:: WHAT YOU SHOULD DO ::
Using the material below, print a verbatim copy of every line from the one containing "ホイールのカラーはHX「レイ" through the one containing "Hand Carved Balinese", inclusive, and omit the pictures.

___ WORKING DATA ___

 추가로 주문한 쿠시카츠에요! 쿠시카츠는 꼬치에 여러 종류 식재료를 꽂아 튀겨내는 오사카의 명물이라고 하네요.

___
___ WORKING DATA ___

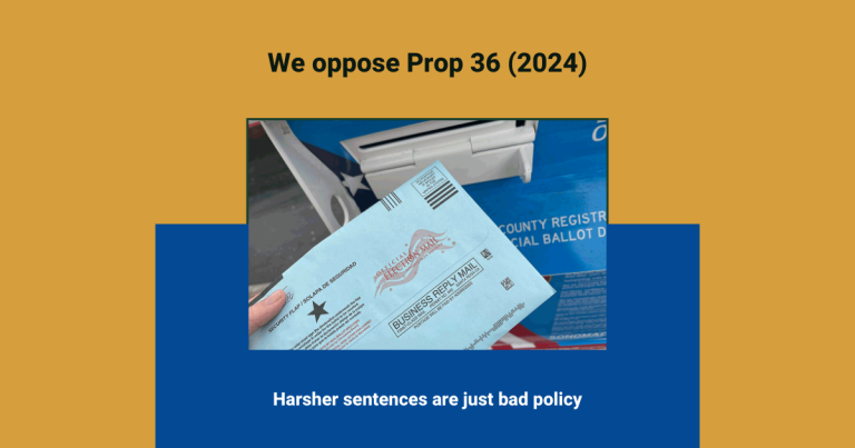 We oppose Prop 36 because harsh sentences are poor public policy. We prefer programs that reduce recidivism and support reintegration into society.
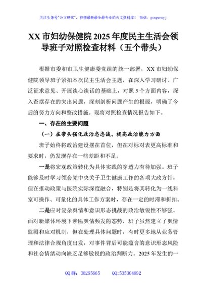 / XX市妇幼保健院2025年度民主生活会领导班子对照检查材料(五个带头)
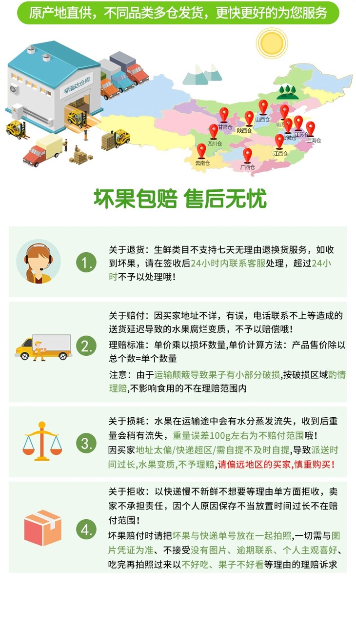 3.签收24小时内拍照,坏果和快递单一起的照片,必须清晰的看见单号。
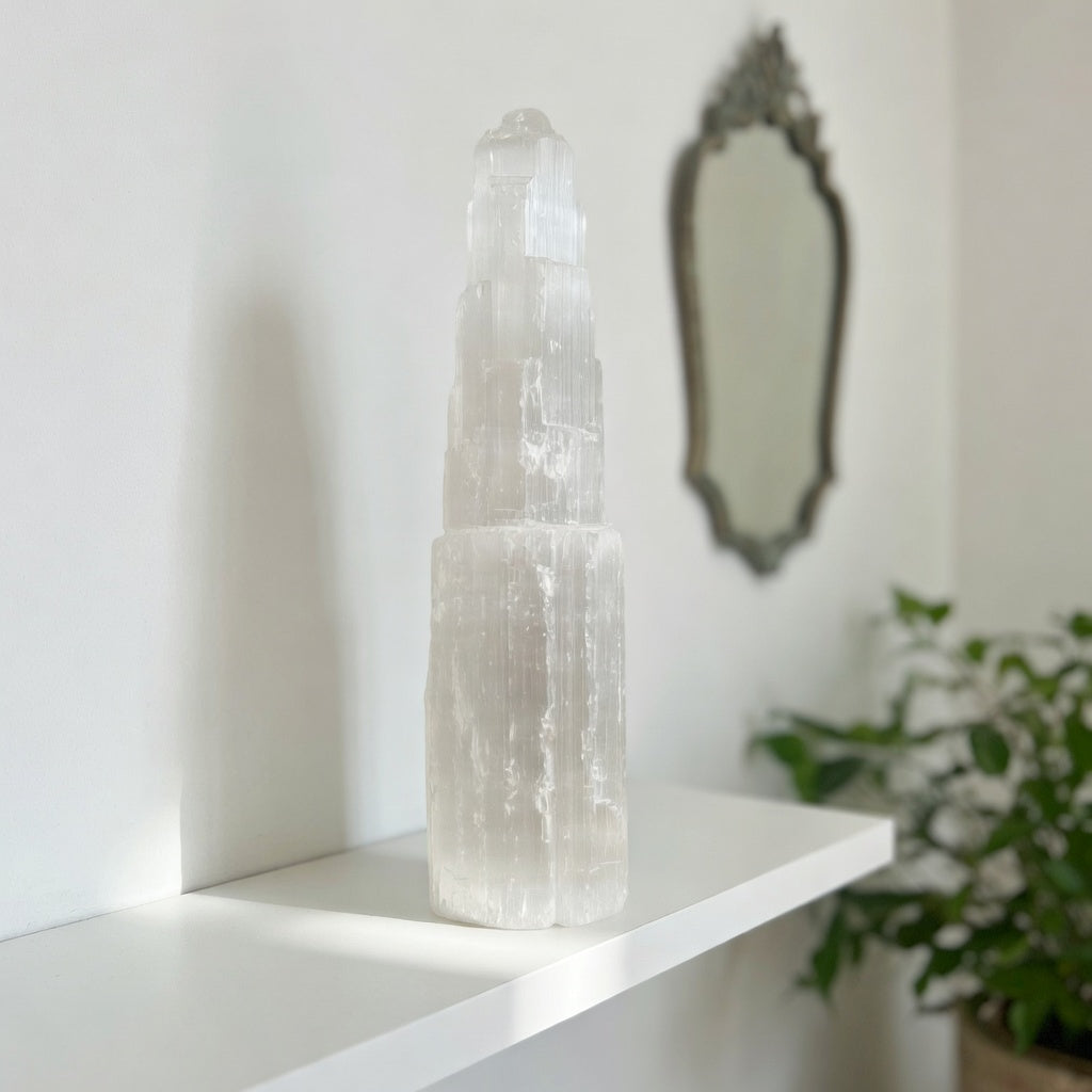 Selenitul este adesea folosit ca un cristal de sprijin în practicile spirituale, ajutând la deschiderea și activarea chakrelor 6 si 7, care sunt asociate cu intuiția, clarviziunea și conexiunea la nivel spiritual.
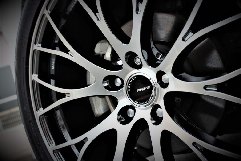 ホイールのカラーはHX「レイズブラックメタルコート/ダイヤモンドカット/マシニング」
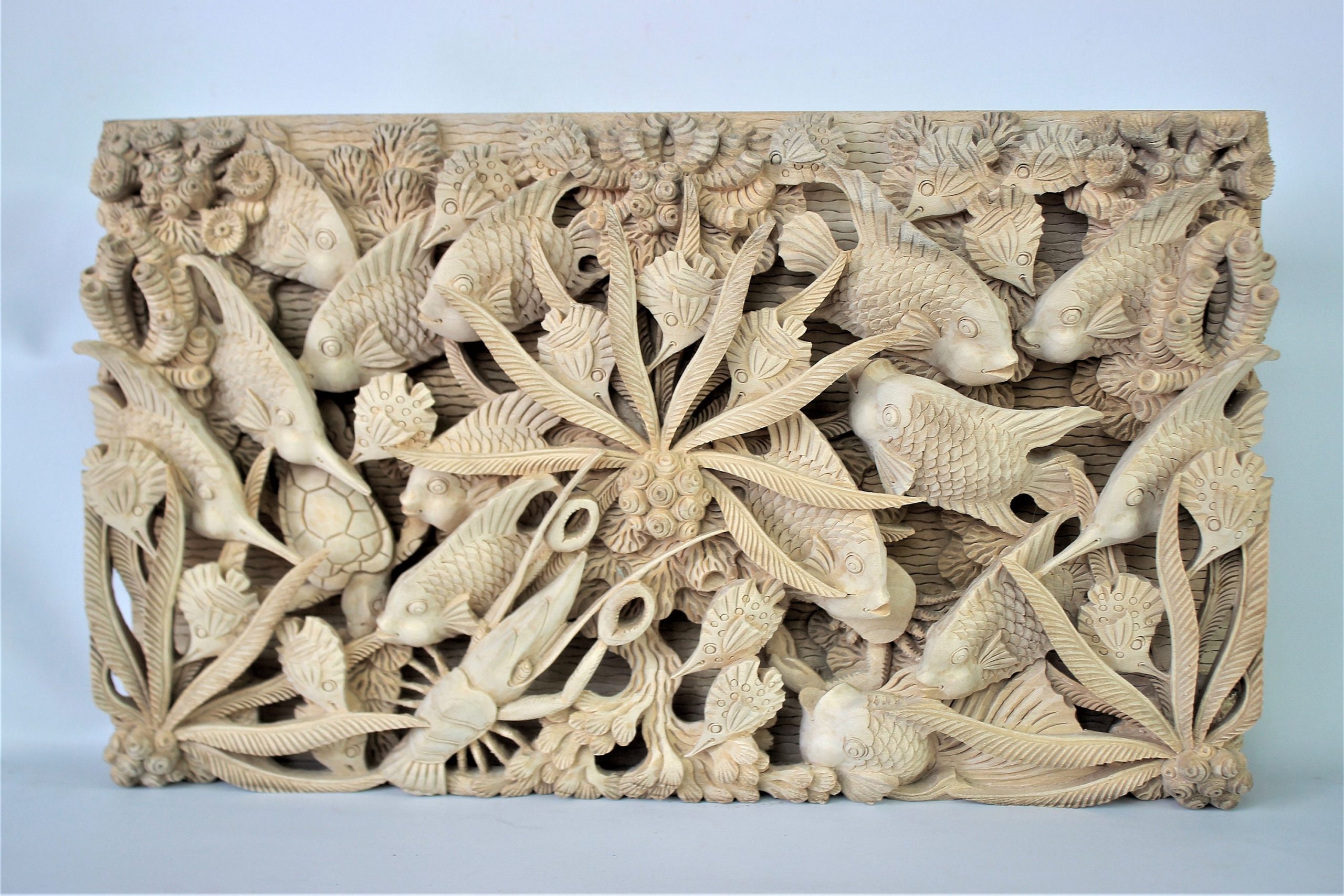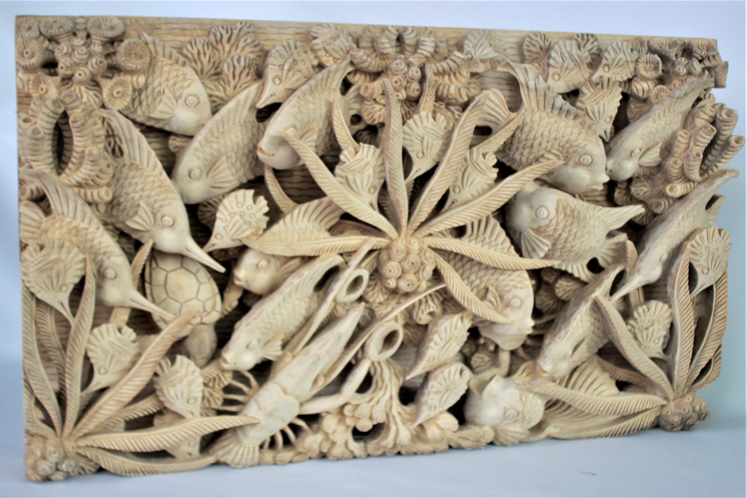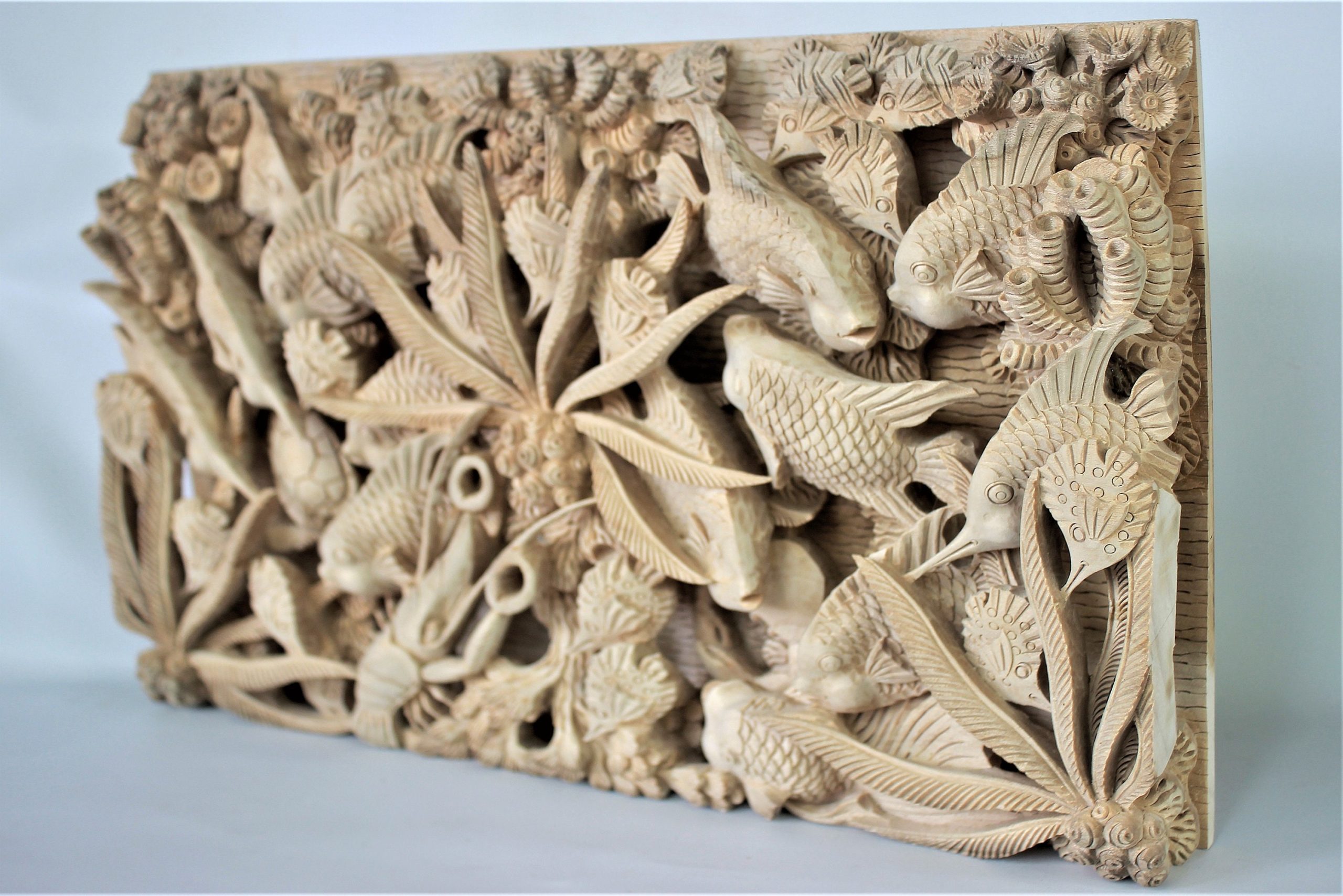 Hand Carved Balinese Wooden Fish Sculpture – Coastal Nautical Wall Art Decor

___

:: ANSWER BOX ::
 ホイールのカラーはHX「レイズブラックメタルコート/ダイヤモンドカット/マシニング」
 Hand Carved Balinese Wooden Fish Sculpture – Coastal Nautical Wall Art Decor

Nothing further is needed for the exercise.